The path less travelled

Ever wondered why your daily commute seems to feel longer and more boring as the days come and go? Yes? Well, so did a team of scientists at Manchester University, UK. Now, Andrew Compton and his colleagues think they have discovered the reason why.

Crompton’s team asked 140 architecture students from the University to estimate the distance between the student-union building to a familiar destination along a straight road. The research published in Nature today explains that they were effectively asked to guess the length of journeys they would have strolled (or staggered, says the press release!) many times.

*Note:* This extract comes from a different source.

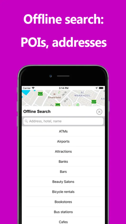 Look for addresses or interesting places (attractions, restaurants, ATMs ...)

First-year students estimated a mile-long path to be around 1.24 miles on average, whereas third year students stretched it to 1.45 miles. [That’s heavy precision, mind you and one can only hope that Manchester architecture students were not so nerdy as to actually give the distance with three significant figure accuracy, Ed.] Anyway, the results matched a theory that distances elongate in our minds because, over time, we begin to notice more and more details about the route.

To test this idea further, Crompton asked a second group of students to estimate 500 metres [they’ve switched from imperial to metric within two paragraphs!] in the cluttered tourist village of Portmeirion, Wales [home of 1960s cult TV show The Prisoner] and again on a road in Manchester city. The village distance seemed further.

The findings could help to explain why the walk to a destination sometimes feels shorter than the journey back. And, notes Crompton, it could help architects design cities that feel more spacious, simply by packing in more details for people to look at.

I’d also like to suggest that the work could make everyone’s daily commute seem much shorter by making us travel in boring smooth-walled tunnels, with very little to read and no interesting stimuli. What? They do that, already? Surely not!

One thought on “The path less travelled”

  1. ” the walk to a destination sometimes feels shorter than the journey back ” . . .

    really ?

    Personally, I find that it almost invariably works the other way round. ( especially on journeys to bars and pubs).